Grace and Peace to you from God our Father and our Lord Jesus Christ who calls us to honor covenants.

Today we start our Lenten Pilgrimage again, 46 days between now and Easter. With the 6 Sunday’s not counting as fasting days, we match the 40 days that Jesus spends fasting in the desert during his temptation as our Gospel today says. This Lent our focus will be on covenants. Before we really get into our texts today, we need to start with basics, what is a covenant, because it’s somewhat different than we think. And we’ll see throughout Lent how that is a very good thing.

We tend to think about covenants as contracts. A contract is an agreement between two or more groups that all parties agree to hold, and if one or more sides break the agreement or agree to stop the contract it ends and all promises made in the contract are null and void. Any promises or benefits from the contract are gone.

Covenants may seem like Contracts between God and humans. And in some ways they are, they are similar in that there will be promises made, with the majority of the work done primarily by God, and usually broken by humans. But the wonderful thing about covenants is that covenants are wonderful things, to paraphrase Tigger. Covenants are wonderful, because even though it seems like we as humans, since we constantly break the agreement, would void the contract, covenants don’t get voided. God keeps the promise even in the event that we break it. Each week we will see a different covenant and see the wonders of how God continues to keep God’s promises.

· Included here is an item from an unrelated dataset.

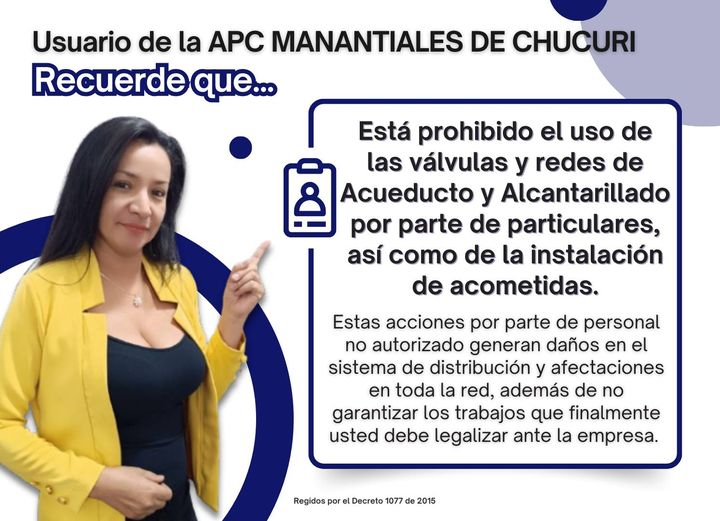 Por lo tanto, te invitamos a denunciar si observas a personas diferentes a los trabajadores de la APC MANANTIALES DE CHUCURI manipulando válvulas o las redes de distribución de agua potable, ya que esto está prohibido.

We start out with the story of Noah, I found this fun little comic. We read here the finale of the story. God makes a covenant with Noah, and all creation. Vs 9 through 11.

As for me, I am establishing my covenant with you and your descendants after you, and with every living creature that is with you, the birds, the domestic animals, and every animal of the earth with you, as many as came out of the ark. I establish my covenant with you, that never again shall all flesh be cut off by the waters of a flood, and never again shall there be a flood to destroy the earth.

This first covenant made by God, the first complete promise of God, to never again destroy the earth in a flood, is not just to humans, but to all creation, all living things.

It’s an amazing promise, never again will God destroy all, no matter what we may do, God will not hit the redo button again.

In our covenant rankings, that’s pretty high up there. The promise to never destroy creation again.

And our response to this covenant is, are we also willing to work towards the same? Do we strive to not destroy God’s creation? Can we make the same promise to God? The flood story and all it entails all started when God saw that the earth was full of violence. From chapter 6, God speaks to Noah, “I have determined to make an end of all flesh, for the earth is filled with violence because of them; now I am going to destroy them along with the earth.”

Luckily for us in the face of such accusation, God will indeed always hold to the promise to never destroy the earth. But, that doesn’t give us the excuse and reason to not also strive to hold up to the promise.

In the story of creation as God creates us, God designates us as co-stewards of creation. We are called to have dominion over what God creates, which does not mean to dominate, but to rule in the mindset of caring and being people who love and maintain God’s creation just as much as God does. Of being people who work to uphold covenants, to in this case not be people who resort to violence and seek to stop it wherever and however we can.

We had another school shooting this week. 15 youth and 2 adults killed at a high school in Florida. On Valentine’s Day. On Valentine’s day 1929 7 people were killed by Tommy Guns in a fight between two rival mobs, 7, that is referred to as the Valentine’s Day Massacre. This seems to be called simply another school shooting. It is another moment where we failed God’s covenant. We failed as co-stewards of creation. We sided again with the violent nature that God hated so much that God hit the redo button and destroyed the world in the flood.




Whenever an event like this occurs, We pray, we pray, pray, pray, we call upon God to be with the family and friends of those killed, we ask God to be with those who had to live through such tragedy, who now will find themselves haunted by sights and memories they had no opportunity to avoid. We pray for people whose lives are changed because of this instance.

And then, what will we do. Will we simply move on, and again ignore the covenant that God made with us? Or will we act, will we follow our prayer up with action? Will we actually listen to our prayers, or simply wait until we have to pray them again?

In the flood, the sign that God chooses to show that God will never destroy the world again is the rainbow. Why? The rainbow is God’s bow. As in bow and arrows. In the covenant God hangs up God’s bow, God in promising to never destroy the earth again, disarms God’s self.

We can hold tight to the promise that God will never destroy us, in fact, as we walk our pilgrimage through Lent, we will again see that God promises us eternal life through Christ’s death on the cross and resurrection. But, will we work to not destroy God’s creation? Will we work to not see God’s beloved children killed by something we could work to end?

God is with us now, God weeps with those who now grieve, who comforts those who fear now, those who work and learn at schools and may now feel that panic and anxiety of could that happen here, and calls us to be the people of God who stand up to violence, and asks us to be beloved children of God who work to say, no more, this is not how we treat covenants. This is not how we treat each other.

Let us pray,
God of creation, you call all good, you call us to be stewards with you, and you hold us to your covenants. Help us to hold to them as well. Help us to love each other as you love us. Help us to be like your Son, Jesus Christ our Lord, who gave his life for our sake. Amen.